Donald J. Trump declared a $916 million loss on his 1995 income tax returns, a tax deduction so substantial it could have allowed him to legally avoid paying any federal income taxes for up to 18 years, records obtained by The New York Times show.
The 1995 tax records, never before disclosed, reveal the extraordinary tax benefits that Mr. Trump, the Republican presidential nominee, derived from the financial wreckage he left behind in the early 1990s through mismanagement of three Atlantic City casinos, his ill-fated foray into the airline business and his ill-timed purchase of the Plaza Hotel in Manhattan.

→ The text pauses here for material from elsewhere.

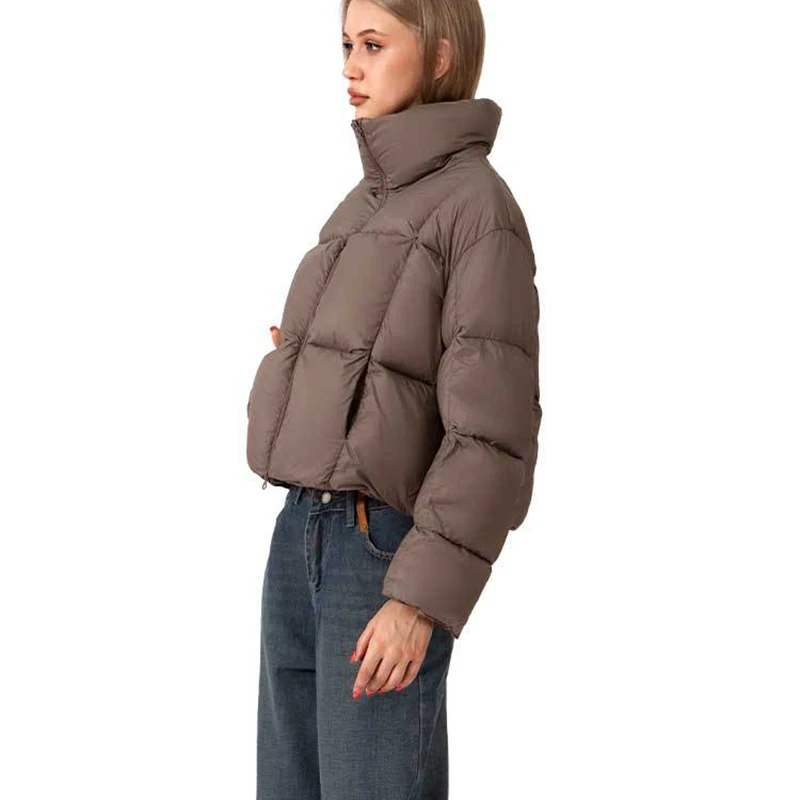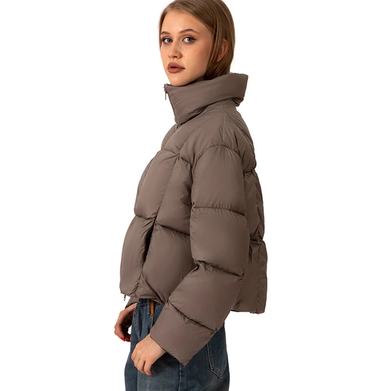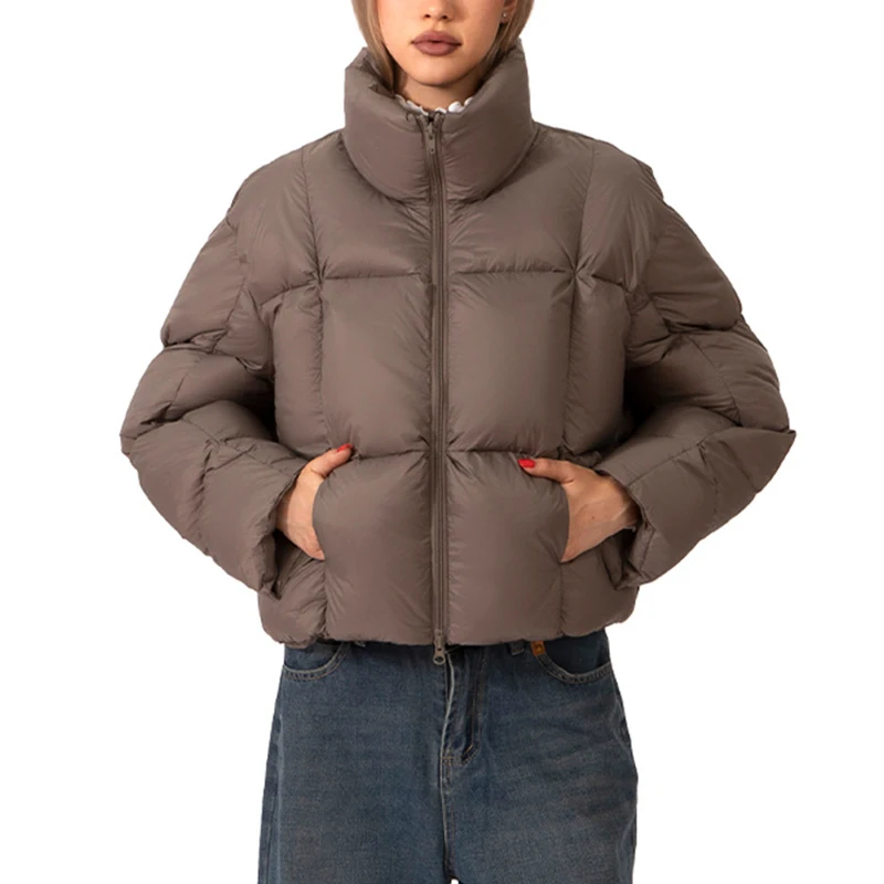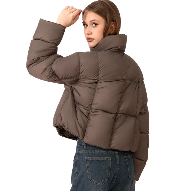 Women's Short Windproof Lightweight Winter Puffer Jacket with White Duck Down Filling

Tax experts hired by The Times to analyze Mr. Trump’s 1995 records said that tax rules especially advantageous to wealthy filers would have allowed Mr. Trump to use his $916 million loss to cancel out an equivalent amount of taxable income over an 18-year period.Jenna Johnson reports at The Washington Post:
Donald Trump's campaign announced Saturday evening that the candidate would soon deliver a nine-sentence critique of comments Hillary Clinton made months ago about many of the millennials supporting her primary rival, Bernie Sanders. It was an attempt to latch onto a new headline in hopes of finally escaping the controversies that had consumed his week.
It didn’t work.
It took Trump nearly 25 minutes to read the brief statement because he kept going off on one angry tangent after another — ignoring his teleprompters and accusing Clinton of not being “loyal” to her husband, imitating her buckling at a memorial service last month, suggesting that she is “crazy” and saying she should be in prison. He urged his mostly white crowd of supporters to go to polling places in "certain areas" on Election Day to "watch" the voters there. He also repeatedly complained about having a "bum mic" at the first presidential debate and wondered if he should have done another season of “The Apprentice.”